* Problem requirements
Return the following from the records below: each line, word for word, starting with the line that contains "Nachhaltige Mode ist" and going on through the line that contains "Tyre Tayar Combo", with nothing outside that range.

* Records provided
+ + + +

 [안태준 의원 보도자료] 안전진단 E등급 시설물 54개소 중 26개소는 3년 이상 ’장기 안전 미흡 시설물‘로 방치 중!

+ + + +

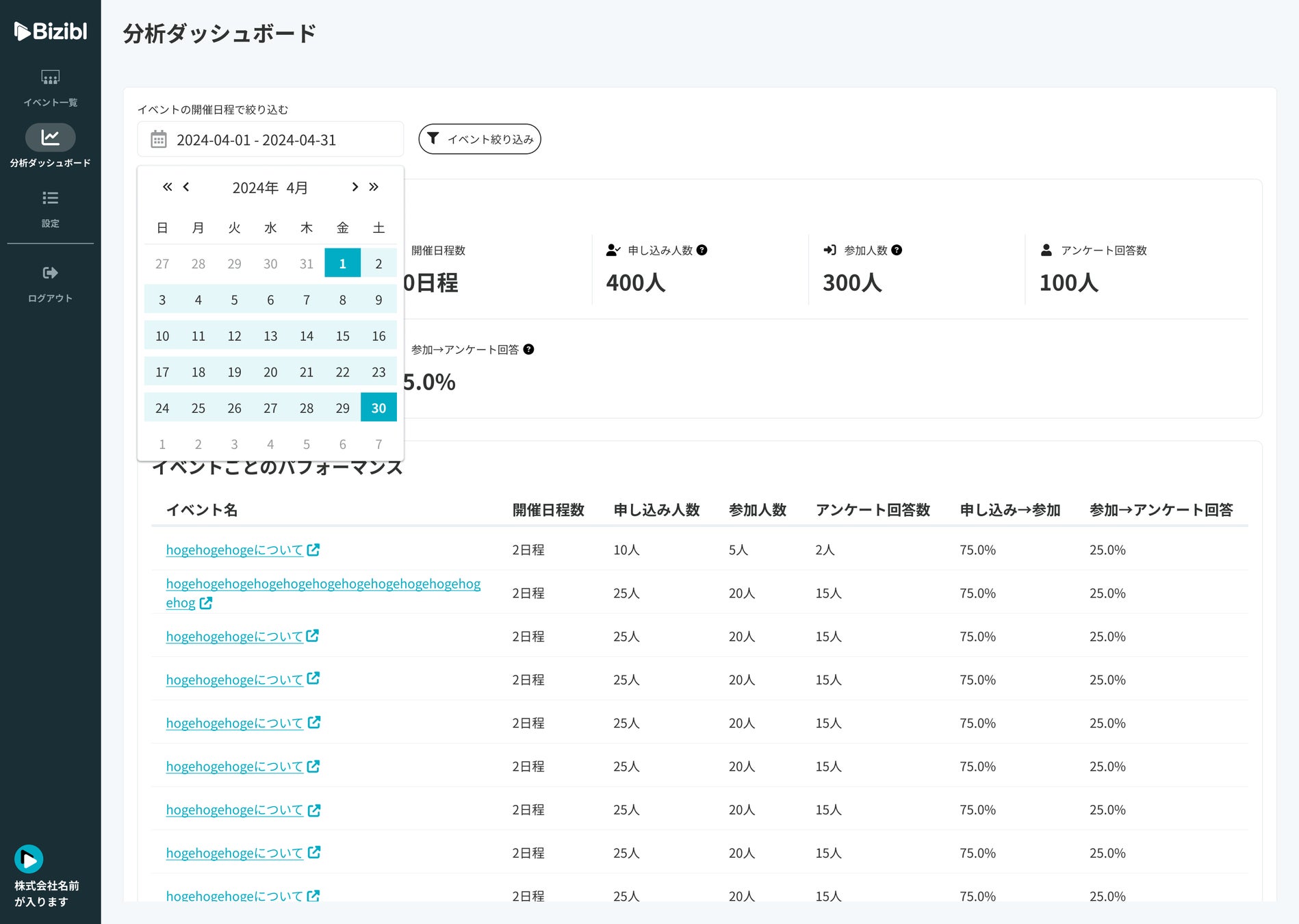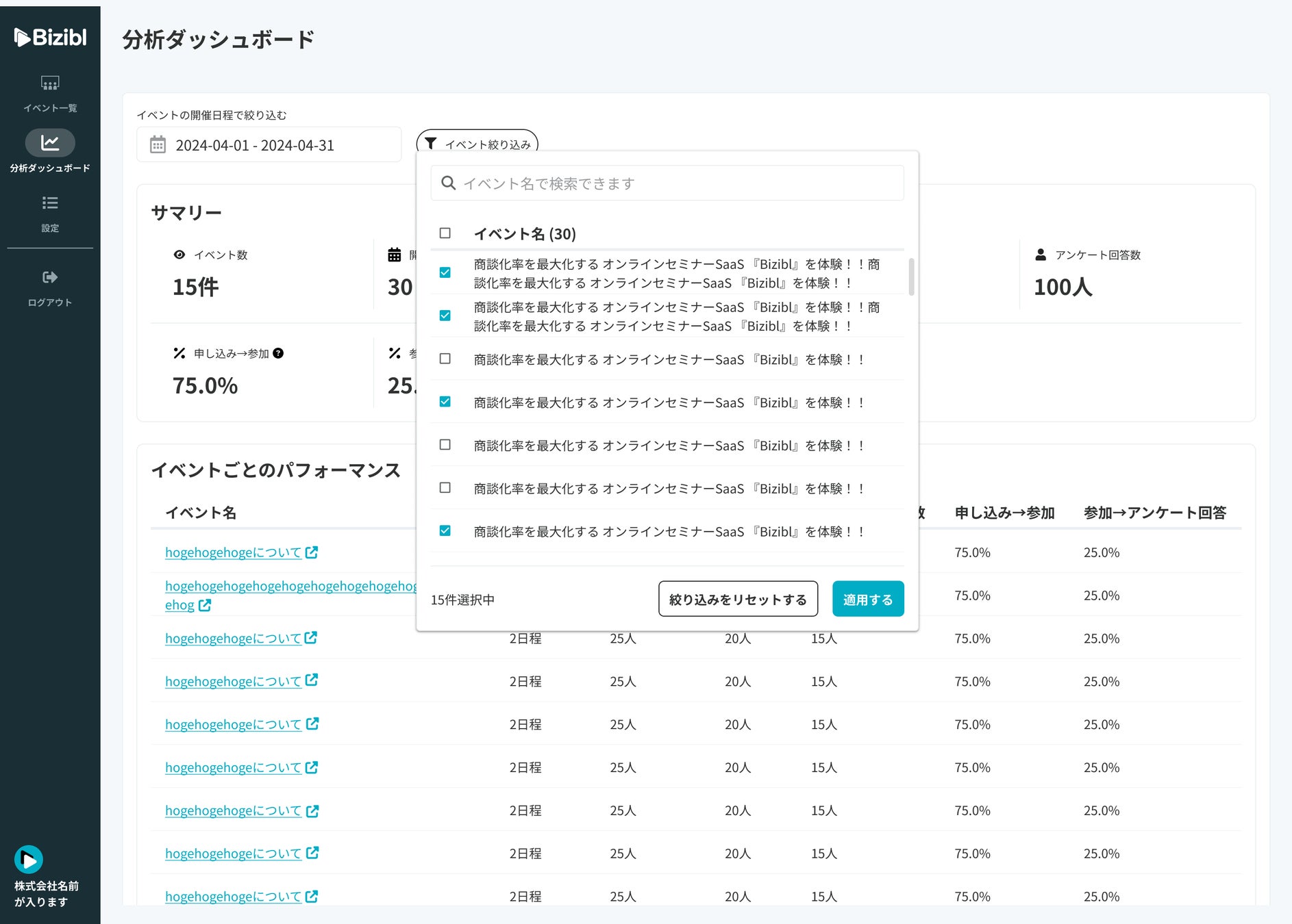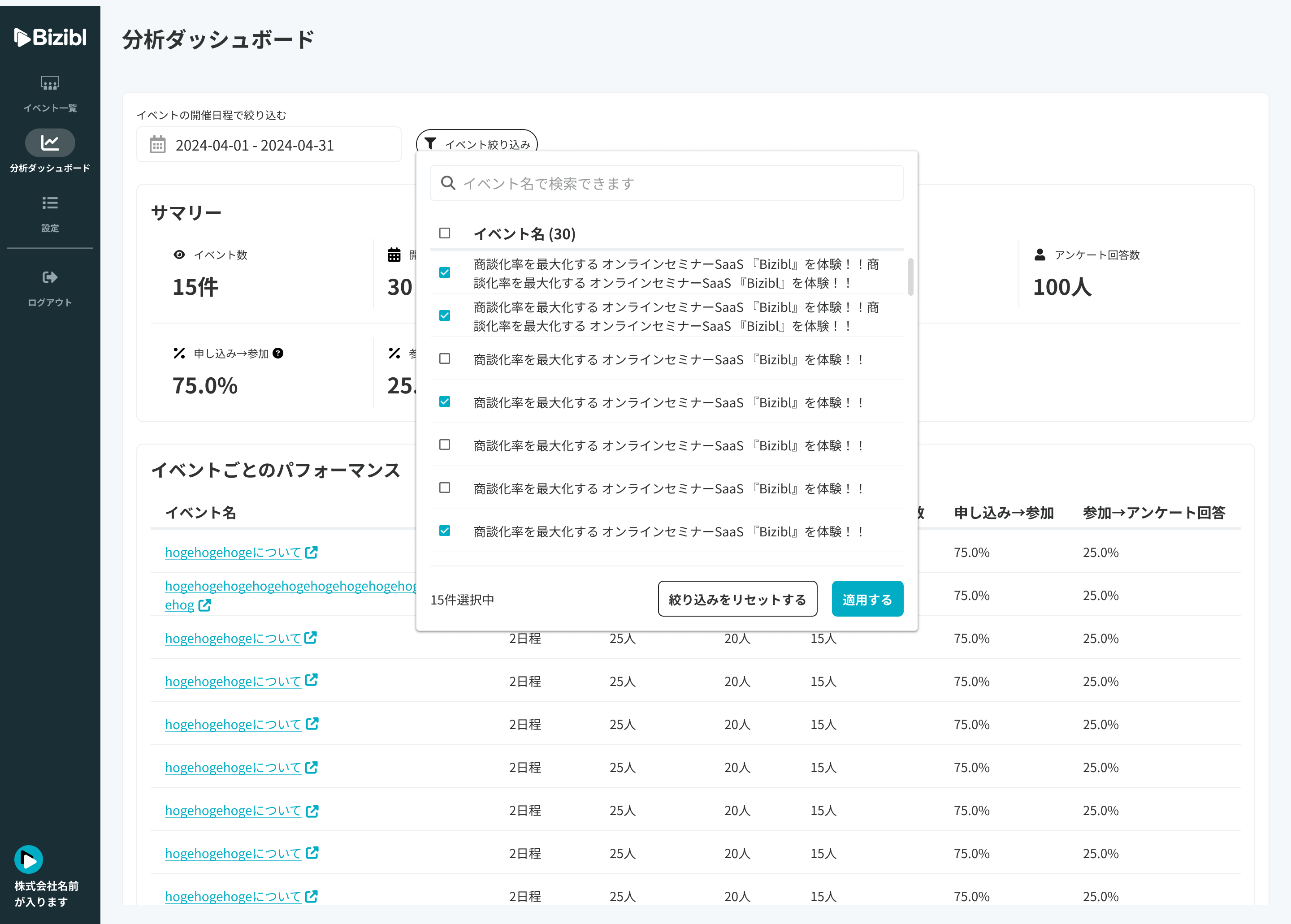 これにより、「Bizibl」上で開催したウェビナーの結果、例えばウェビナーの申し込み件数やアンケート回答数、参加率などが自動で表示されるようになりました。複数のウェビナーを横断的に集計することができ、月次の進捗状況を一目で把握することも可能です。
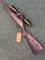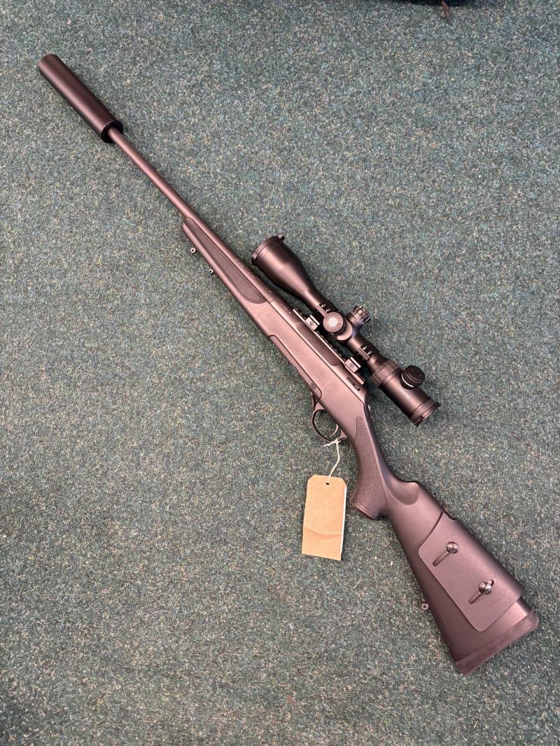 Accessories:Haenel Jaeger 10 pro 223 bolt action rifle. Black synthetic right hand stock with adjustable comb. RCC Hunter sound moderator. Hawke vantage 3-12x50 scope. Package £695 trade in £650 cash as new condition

+ + + +

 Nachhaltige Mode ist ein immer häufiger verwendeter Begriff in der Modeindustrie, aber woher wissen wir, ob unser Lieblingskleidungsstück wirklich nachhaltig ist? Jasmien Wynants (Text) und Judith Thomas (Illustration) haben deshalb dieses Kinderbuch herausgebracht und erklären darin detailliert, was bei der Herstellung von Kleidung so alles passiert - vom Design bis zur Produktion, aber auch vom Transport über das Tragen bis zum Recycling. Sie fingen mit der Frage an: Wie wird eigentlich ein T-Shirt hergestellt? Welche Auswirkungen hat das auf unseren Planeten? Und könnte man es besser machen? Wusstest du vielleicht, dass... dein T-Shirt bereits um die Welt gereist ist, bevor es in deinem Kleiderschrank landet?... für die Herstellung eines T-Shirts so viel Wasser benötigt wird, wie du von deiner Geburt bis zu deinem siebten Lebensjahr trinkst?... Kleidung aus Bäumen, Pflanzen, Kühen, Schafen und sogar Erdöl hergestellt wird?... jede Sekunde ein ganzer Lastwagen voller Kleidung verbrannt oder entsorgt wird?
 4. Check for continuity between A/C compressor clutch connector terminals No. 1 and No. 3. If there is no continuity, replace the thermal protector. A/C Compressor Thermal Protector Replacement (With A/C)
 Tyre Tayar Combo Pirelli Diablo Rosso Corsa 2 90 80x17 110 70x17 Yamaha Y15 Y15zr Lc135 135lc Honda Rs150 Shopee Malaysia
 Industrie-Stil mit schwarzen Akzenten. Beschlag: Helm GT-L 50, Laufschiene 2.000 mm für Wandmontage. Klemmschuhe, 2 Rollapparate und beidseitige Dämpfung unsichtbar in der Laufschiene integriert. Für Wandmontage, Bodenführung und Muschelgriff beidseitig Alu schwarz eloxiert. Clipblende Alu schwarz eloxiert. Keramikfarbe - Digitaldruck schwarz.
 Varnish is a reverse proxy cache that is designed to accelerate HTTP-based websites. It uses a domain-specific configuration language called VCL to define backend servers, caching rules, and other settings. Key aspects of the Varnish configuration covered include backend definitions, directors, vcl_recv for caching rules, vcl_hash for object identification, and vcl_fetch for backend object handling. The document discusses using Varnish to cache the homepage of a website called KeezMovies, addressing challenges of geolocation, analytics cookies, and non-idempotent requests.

+ + + +

* Task answer
 Nachhaltige Mode ist ein immer häufiger verwendeter Begriff in der Modeindustrie, aber woher wissen wir, ob unser Lieblingskleidungsstück wirklich nachhaltig ist? Jasmien Wynants (Text) und Judith Thomas (Illustration) haben deshalb dieses Kinderbuch herausgebracht und erklären darin detailliert, was bei der Herstellung von Kleidung so alles passiert - vom Design bis zur Produktion, aber auch vom Transport über das Tragen bis zum Recycling. Sie fingen mit der Frage an: Wie wird eigentlich ein T-Shirt hergestellt? Welche Auswirkungen hat das auf unseren Planeten? Und könnte man es besser machen? Wusstest du vielleicht, dass... dein T-Shirt bereits um die Welt gereist ist, bevor es in deinem Kleiderschrank landet?... für die Herstellung eines T-Shirts so viel Wasser benötigt wird, wie du von deiner Geburt bis zu deinem siebten Lebensjahr trinkst?... Kleidung aus Bäumen, Pflanzen, Kühen, Schafen und sogar Erdöl hergestellt wird?... jede Sekunde ein ganzer Lastwagen voller Kleidung verbrannt oder entsorgt wird?
 4. Check for continuity between A/C compressor clutch connector terminals No. 1 and No. 3. If there is no continuity, replace the thermal protector. A/C Compressor Thermal Protector Replacement (With A/C)
 Tyre Tayar Combo Pirelli Diablo Rosso Corsa 2 90 80x17 110 70x17 Yamaha Y15 Y15zr Lc135 135lc Honda Rs150 Shopee Malaysia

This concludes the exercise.